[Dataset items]

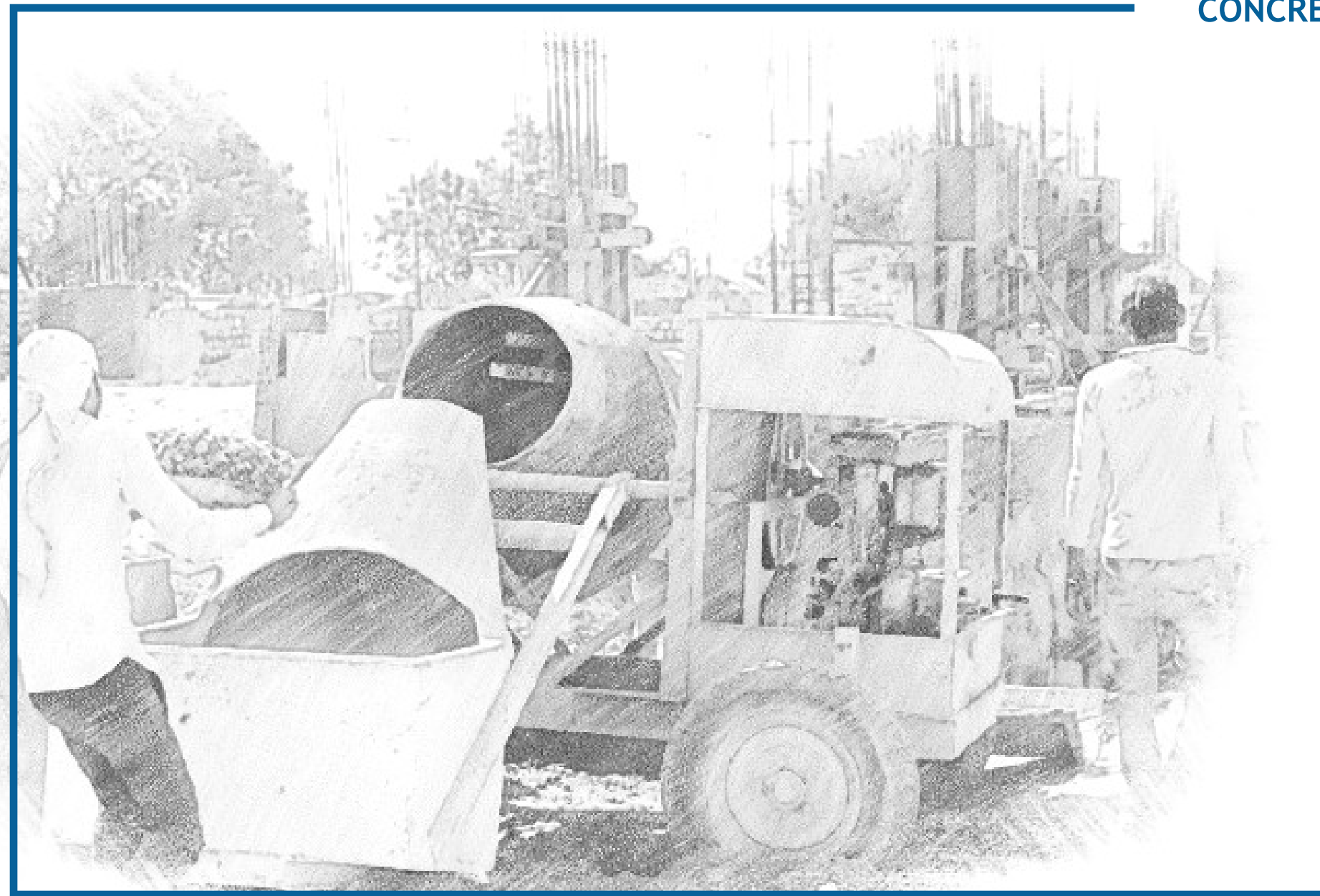
CONCRETE MIXER WITH HYDRAULIC HOPPER
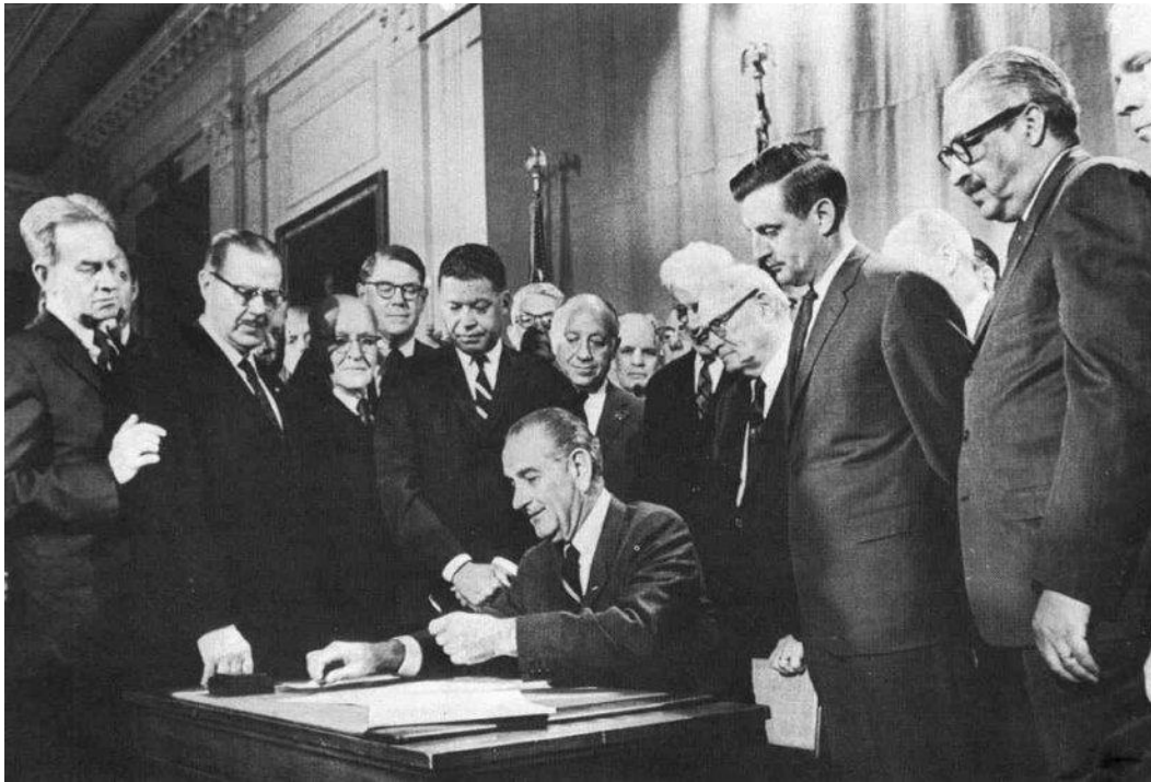
President Lyndon Johnson signs the National Trails Act on October 2, 1968.
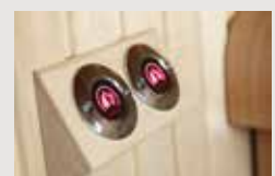
Autodose sauna water dispenser SASL1
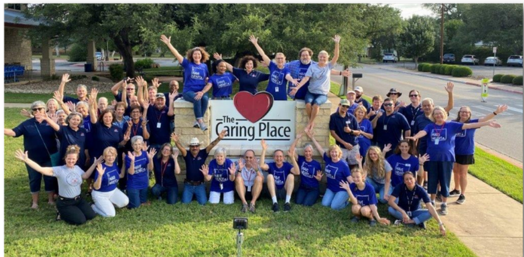
Imagine your face in this group of friendly staff and volunteers in the next year!

Learn more at caringplacetx.org/volunteer .
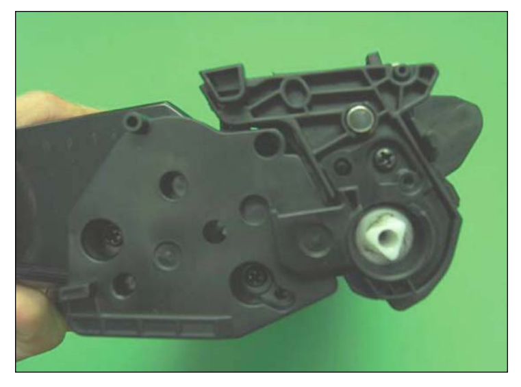
16. Install the P2015 Right End Cap on the right side of the Hopper. Tighten the 2 screws on the Right End Cap.
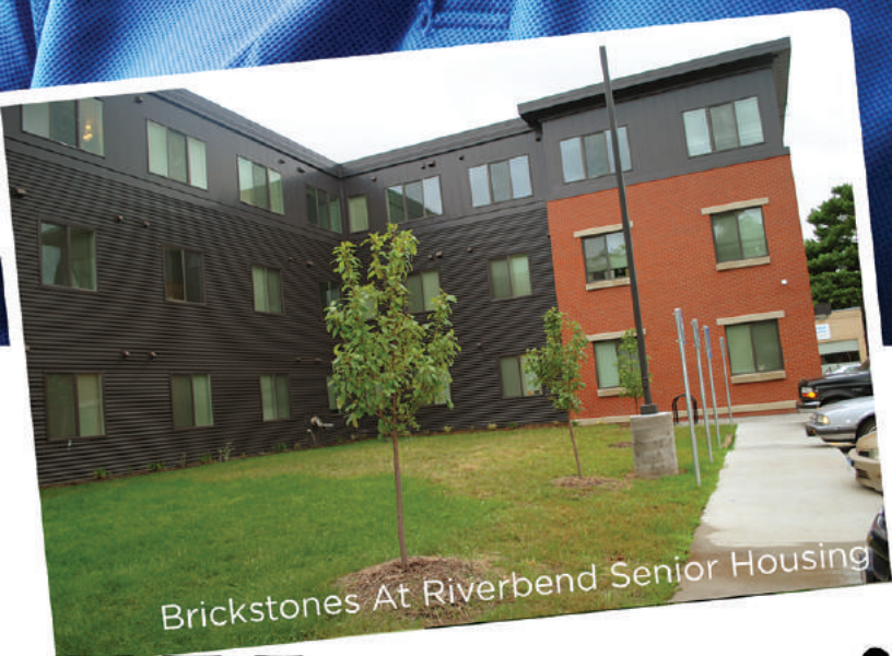
Brickstones At Riverbend Senior Housing
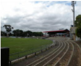
Bridges Reserve and City Oval
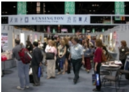
(Thousands of people walked through the Kensington Publishing area at McCormick Place.)
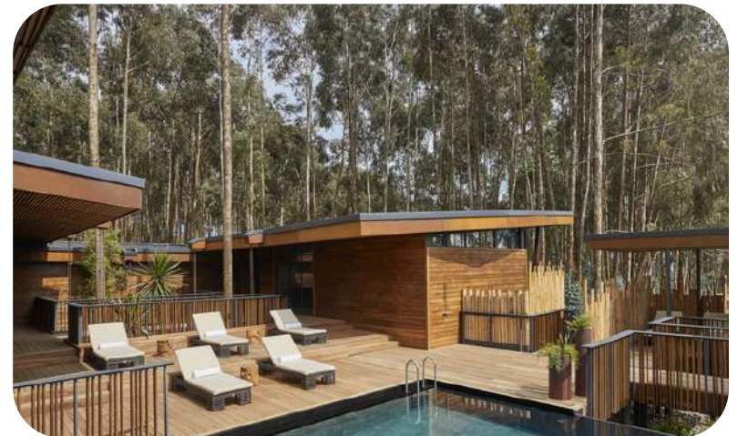
One & Only Hotel, Rwanda
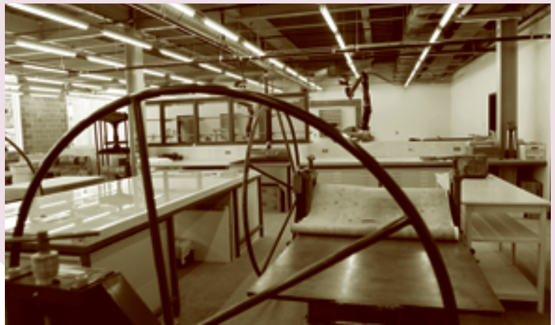
THE NEW WOODSHOP
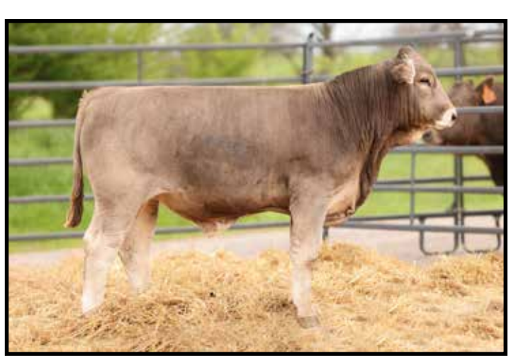
Lot #5 - WIN-V SAM MEX MUCHO L311 ET
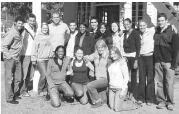
LEFT Rockefeller Leadership Fellows gathered at their fall term retreat at the Alden Inn in Lyme, NH.
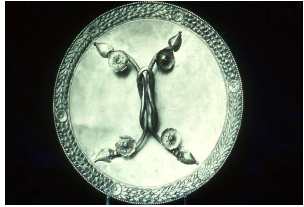
Silver mirror from Wroxeter

Wroxeter was the centre of a network of roads linking a range of smaller Shropshire sites both military and civilian in nature. There were forts including ones at Rhyn Park near Oswestry and at Walltown just outside Cleobury Mortimer. Another at Brompton (near Welshpool) has been excavated recently and several others near Church Stretton and at Westbury are
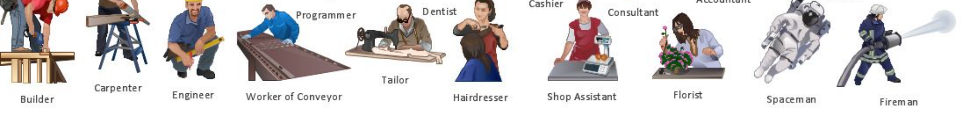
Builder Carpenter Engineer Worker of Conveyor Tailor Hairdresser Shop Assistant Florist Spaceman Fireman
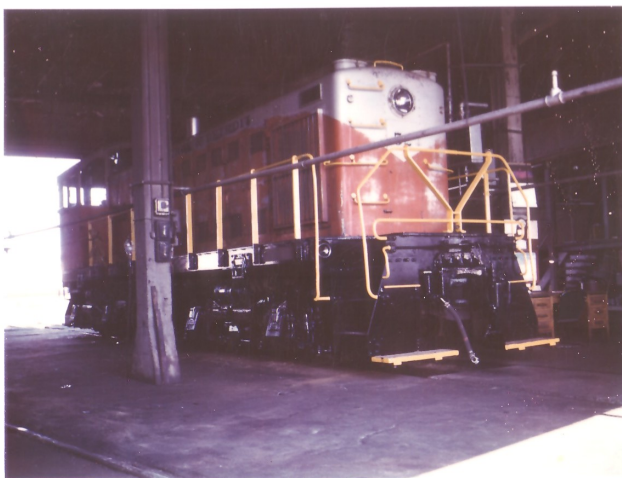
Here's a rare Poloroid taken in the early 1970's. That original red and gray livery is about to undergo a totally different metamorphosis!
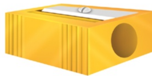
3. a pencil sharpener
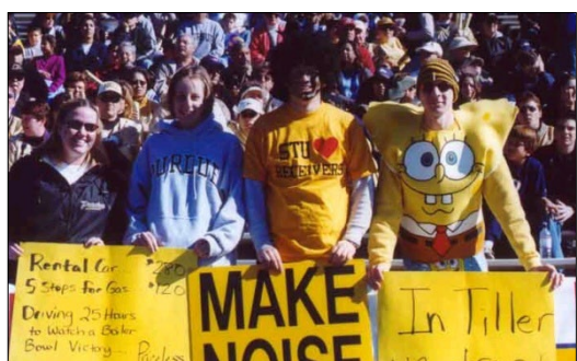
Purdue students cheer on the Purdue Boilermaker football team!

If students would rather compete than exercise, the Purdue Recreational Sports Center sponsors several club sports teams and organizes athletic tournaments every semester. The website for the various club sports at Purdue is: www.purdue.edu/recwell/programs/clubSports .
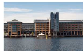
Complex housing the FIG Office, Copenhagen
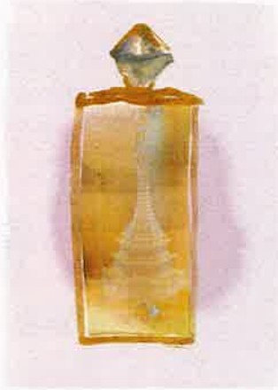
Gold, crystal and mother-of-pearl sculpture, date unknown. "This is a tiny pagoda enveloped in gold, most likely from Thailand. I bought it at an antique shop decades ago. It feels very powerful to me."
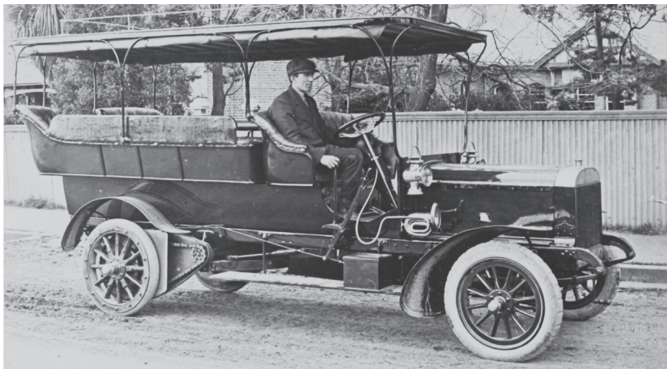
Finlayson 8 passenger car. Circa 1901 built by Finlayson Bros & Co, Devonport Tasmania. Imported engine, gearbox & tyres and rims.
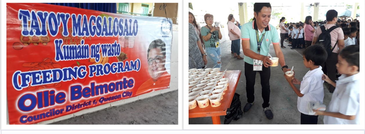
Distribution of foods during the feeding program on Nutrition Month Campaign

July is National Nutrition Month, pursuant to Presidential Decree No. 491.
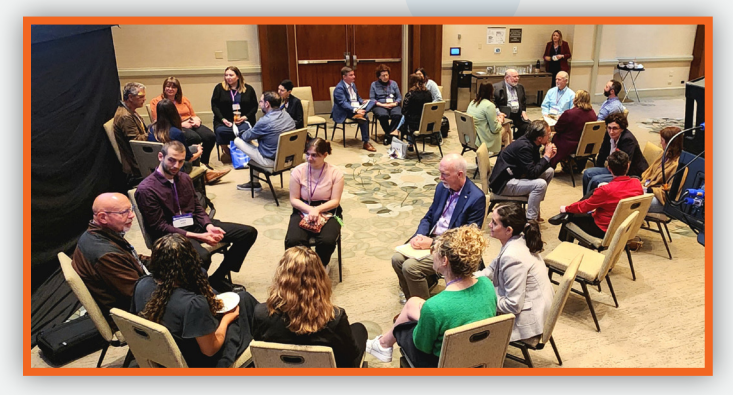
Participants brainstorm ideas about how best to support the TA community.
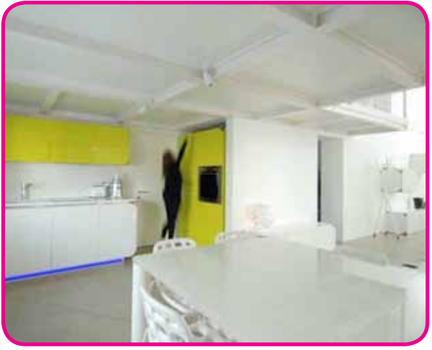
4_casa marco balestri

- [EXERCISE REQUIREMENTS]: For each line in the records that holds "from", show that line as it stands.

- [ANSWER SECTION]:
Silver mirror from Wroxeter
Gold, crystal and mother-of-pearl sculpture, date unknown. "This is a tiny pagoda enveloped in gold, most likely from Thailand. I bought it at an antique shop decades ago. It feels very powerful to me."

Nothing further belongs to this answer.